The azimuth angle in photovoltaic power plant is the angle between the actual orientation of the solar cell array (i.e., the vertical plane of the array) and the due south direction, under the same tilt angle, different azimuths of the photovoltaic cell array plane receive different light time and receive different total radiation, usually the azimuth angle of the photovoltaic module array facing the longest time to receive light is regarded as the best azimuth angle.
Earth due to the rotation of the movement from west to east to produce the phenomenon of alternating daylight, the sun always rise in the east and set in the west; at the same time, the Earth has been rotating around the sun, the Earth and the sun in space at the closest point for the equator, that is, the northern and southern hemisphere boundary. Therefore, in the northern hemisphere photovoltaic modules facing south, while in the southern hemisphere, photovoltaic module installation facing north. Therefore, when the PV module faces due south in the northern hemisphere, the module receives the longest amount of light.
When designing PV power plants, the optimal azimuth is generally chosen to be due south, and this direction receives the longest amount of light. So the common ground power plant regardless of the terrain, after artificially corrected layout are due south, Yutian photovoltaic power plant azimuth is also due south, but in space and the adjacent county roads exist in the angle. Commercial and industrial distributed and household photovoltaic power plants can only be installed according to the actual azimuth and tilt angle of the house because they are installed on the roof, and if the roof is a concrete structure roof, the tilt angle and azimuth correction design can be made.
Comparison of the impact of azimuth on power generation is appropriate to use a single variable comparison, but the general plant station azimuth design are due south, so the design software can be used to simulate the data comparison. Taking a power station in the southern border area as an example, after the comparison of historical power generation and actual power generation measured by PV-system software, the accuracy rates from 2015-2019 are 99.3%, 94.9%, 98.2%, 92.6% and 95.1%, with an average accuracy rate of 96%, so the measurement results have certain reliability.
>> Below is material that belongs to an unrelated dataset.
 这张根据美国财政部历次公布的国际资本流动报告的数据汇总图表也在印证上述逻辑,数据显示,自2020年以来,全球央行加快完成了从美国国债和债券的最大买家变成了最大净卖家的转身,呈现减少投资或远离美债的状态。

To simplify the data analysis, the geographic information and tilt angle of the plant station are input into the design software, and the annual cumulative solar radiation and annual power generation of the power station can be derived by changing the azimuth angle under different azimuth angles.
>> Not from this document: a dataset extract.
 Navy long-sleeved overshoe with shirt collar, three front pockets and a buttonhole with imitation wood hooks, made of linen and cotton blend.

The data were collated to produce the following curves:
The comprehensive analysis of the above curves leads to the following three points.
① Under the same tilt angle, when the azimuth angle is 0°, the irradiation received by the component surface is the maximum, and as the absolute azimuth angle increases continuously, the irradiation received by the component surface decreases in numerical order, and the larger the azimuth angle is, the faster the irradiation decreases.
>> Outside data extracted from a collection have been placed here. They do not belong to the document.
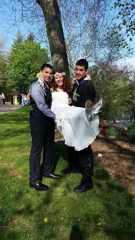 Step siblings Jenna Bloyer, 18, Quentin Manns, 17, and Peyton Manns, 15, at their senior/junior prom at Findlay High School.
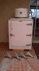 This Fridge works great and its a Frigidaire made by General Motors in the 1950s. Very few dings or scratches. It has 2 shelves and a frigidaire hydrator and a freezer, Stands 5' tall and 3' wide. It has a chrome strip about 10" from the top of the door and still has the chrome toe kick.
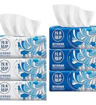 Small Facial Napkins In BAG, NOT In BOX, Toilet Paper, Disposable Facial Tissue, Material Native Wood Pulp Fiber NOT COTTON, White Facial Paper Tissue, 3-Ply, 6 Packs, 300 Sheets per Pack

(ii) With the increase of dimension, the higher the latitude, the higher the azimuth angle increases by a certain value, the greater the decrease of its unit irradiance, that is, its slope increases in the curve; if the maximum radiation is to be obtained, the corresponding tilt angle increases accordingly.
(iii) The best azimuth angle for a PV plant in the northern hemisphere is due south, i.e. 0°, as derived from the graph.